The statement indicates a Turkish desire to ease tensions with Cairo, but does not mean that Ankara is ready to review its policies and abandon its ambitious projects in the region.
Political observers pointed to the tactical nature of the new Turkish approach, arguing that such an approach started a while ago and aims at reducing tensions with a number of Arab and European countries.
The new Turkish approach, according to observers, was adopted after the rise of a democratic administration in the United States, with Washington now voicing its reservations about the policies of Turkish President Recep Tayyip Erdoğan.
Turkey is reportedly concerned about the outbreak of a confrontation with the administration of President Joe Biden.
Over the last few years, Turkey has antagonised many countries in the region, and also in Europe.
Today, the country however seems more inclined towards reducing its hostile and escalatory policies as it waits to see how relations are going to develop with the new U.S. administration.
Any talks between Egypt and Turkey would be momentous since their ties deteriorated after 2013, when Egyptian President Abdel Fattah al-Sisi led a military overthrow of ex-Islamist president Muhammad Morsi, whom Turkey backed.

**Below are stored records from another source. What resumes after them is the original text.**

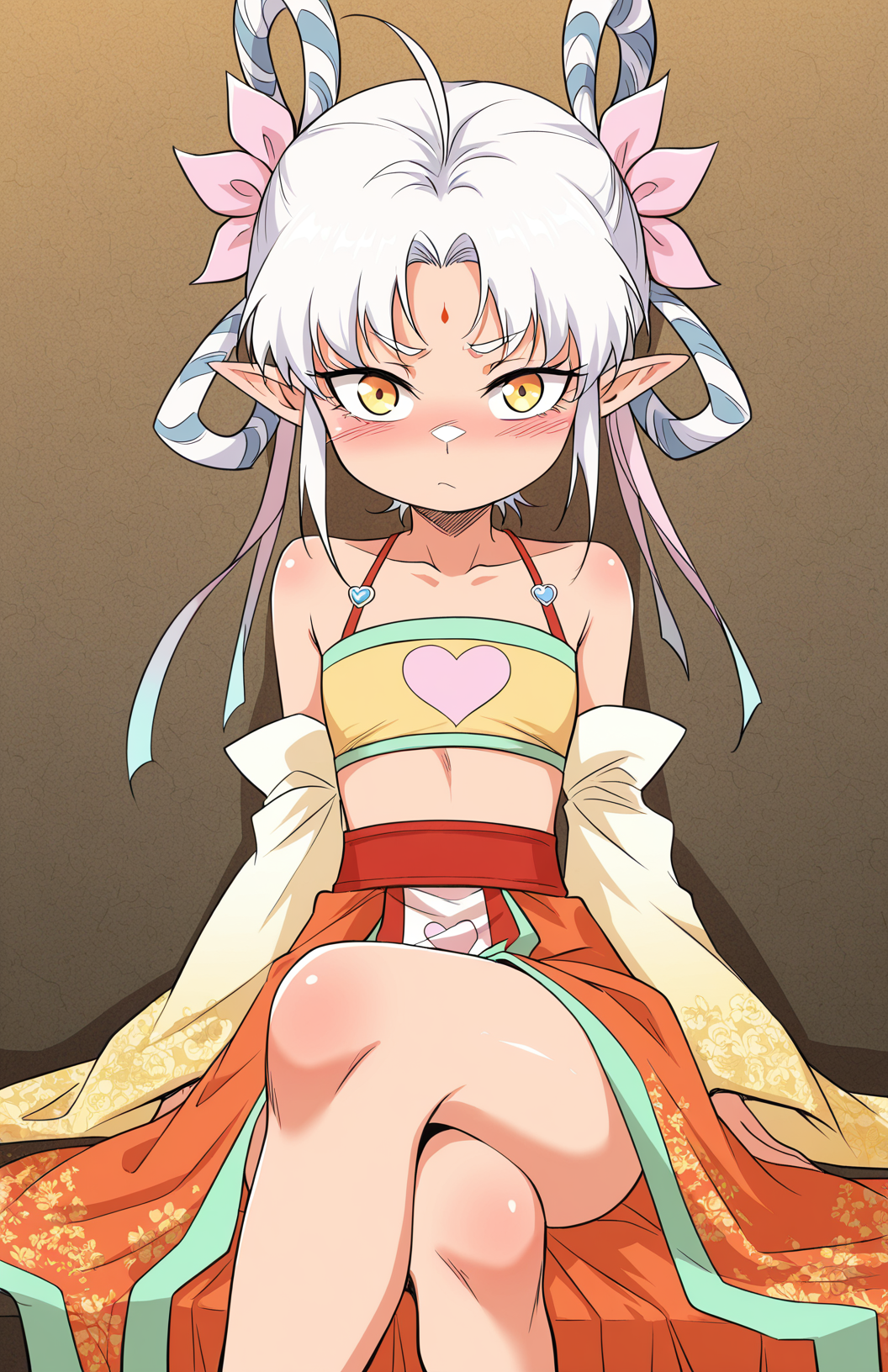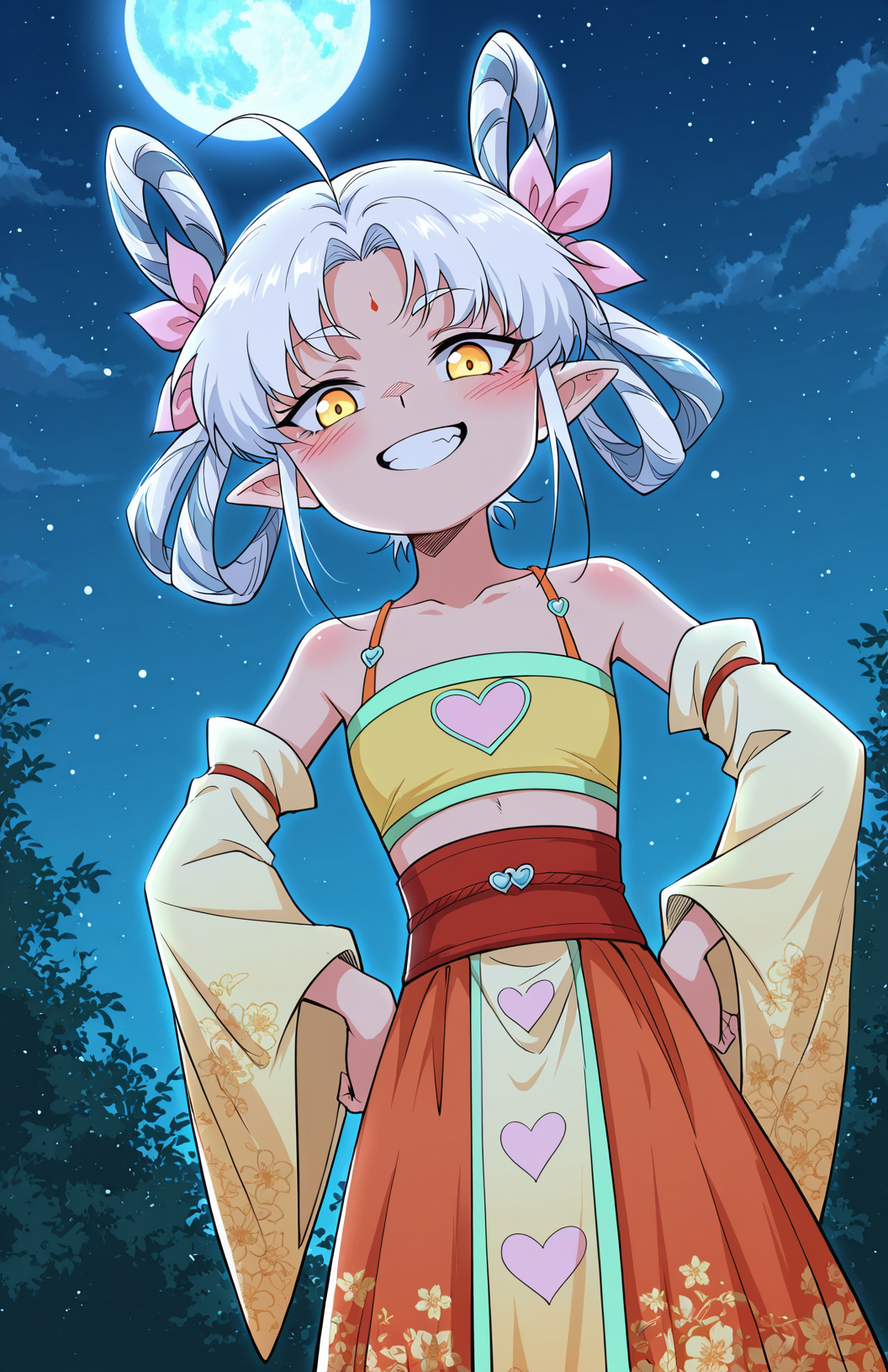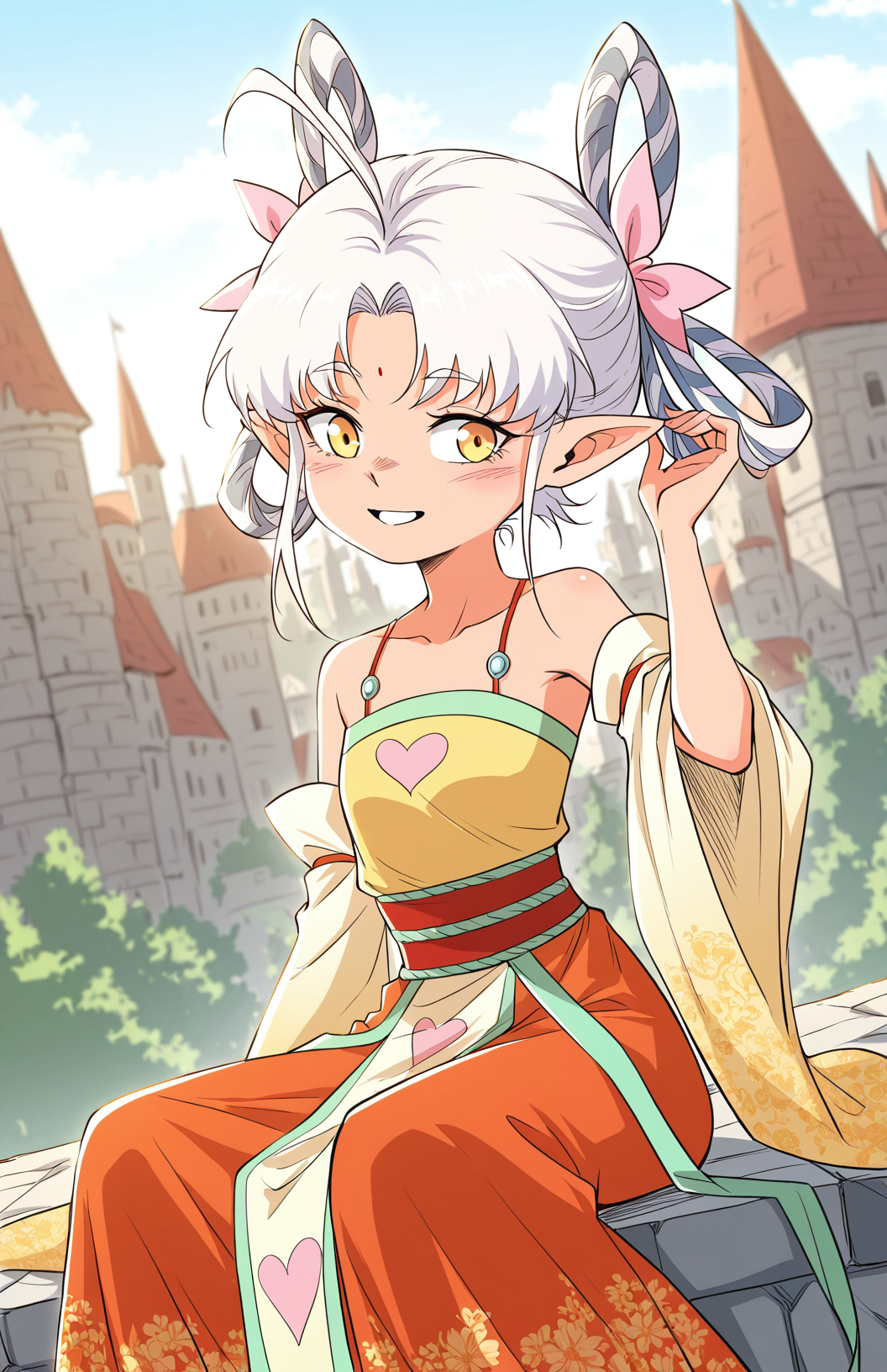 Yuspirit, 1girl, solo, yellow eyes, white hair, short hair, uneven bangs, hair between eyes, long sidelocks, hair bows, pink bows, pointed ears, forehead mark,
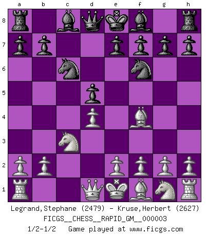 Last move : 1/2-1/2 2020 March 19 10:55:7 [Event "FICGS__CHESS__RAPID_GM__000003"] [Site "FICGS"] [Date "2020.03.18"] [Round "1"] [White "Legrand,Stephane"] [Black "Kruse,Herbert"] [Result "1/2-1/2"] [WhiteElo "2479"] [BlackElo "2627"] 1.d4 Nf6 2.c4 c6 3.Nc3 d5 4.cxd5 cxd5 5.Bf4 Nc6 1/2-1/2 Queen's pawn game This chess game ended in a draw. Follow this game move after move (download)If one piece is badly posted, the whole game is bad. (Tarrasch) Frage: Was machen Sie mit den Preisen? Anwort: Ich habe Angst, dass meine Freundin davon neue Kleider kauft. (Loek van Wely) Uno por uno, yo los acribillé, mi superioridad muy pronto se volvio aparente. (Jose Capablanca) C'est la seule position que je connaisse où les deux camps sont mals. Propos prêtés à V. Anand. If passion drives you, let reason holds the reins. (Benjamin Franklin)
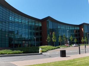 Global pharmaceutical giant, Bayer Life Sciences relocated to Reading's Green Park Business Park in 2016.[12] Reading has a significant historical involvement in the information technology industry, largely as a result of the early presence in the town of sites of International Computers Limited[13] and Digital Equipment Corporation.[14] Other technology companies with a significant presence in the town include Huawei Technologies, Pegasystems, Access IS, CGI Inc, Agilent Technologies,[15] Cisco,[16] Ericsson,[17] Symantec,[16] Verizon Business,[18] and Commvault.[19] These companies are distributed around Reading or just outside the borough boundary, some in business parks including Thames Valley Park in nearby Earley, Green Park Business Park and Arlington Business Park.

The two nations are also on opposing sides in the Libyan conflict.
“Depending on the trajectory of relations, we could negotiate maritime boundaries with Egypt and reach an agreement in the future,” Turkish Foreign Minister Mevlüt Çavuşoğlu said during a news conference in Ankara.
He also noted that Egypt’s exploration bids had respected Turkey’s continental shelf in the region and Ankara viewed this positively.
“As the two countries with the longest coastlines in the eastern Mediterranean, if our ties and the conditions allow it, we can also negotiate a maritime demarcation deal with Egypt and sign it amongst ourselves,” Çavuşoğlu said.
Observers say Çavuşoğlu’s talk about a maritime demarcation is nothing more than an attempt to ease tensions with Egypt. The statements of the foreign minister, the observers argue, fall in line with a new Turkish approach to pacify rivals. Over the last few months, Turkey has been working on restoring ties with Israel, defusing tensions with France and pushing for negotiations with Greece.
The eastern Mediterranean was at the centre of escalating tensions between Turkey and Greece last year after Ankara sent a research vessel into disputed waters.
The move came after Cyprus, Greece, Egypt, Israel, Jordan, Italy and the Palestinian territories agreed to create the “East Mediterranean Gas Forum” without Turkey in 2019.
Egypt then signed a maritime agreement with Greece that laid claim to some areas covered in a separate pact Turkey struck with Libya around the same time.
Greece is likely to be wary of any maritime talks between Turkey and Egypt.
EU attempts to defuse the eastern Mediterranean standoff culminated in January, when Turkey and Greece held their first direct talks since 2016.
But tensions renewed last month after Turkey sent a research ship into international waters and accused Greek jets of “harassing” the vessel.
The January meeting in Istanbul produced no breakthrough and although the sides agreed for the talks to resume in Athens, no date has yet been set.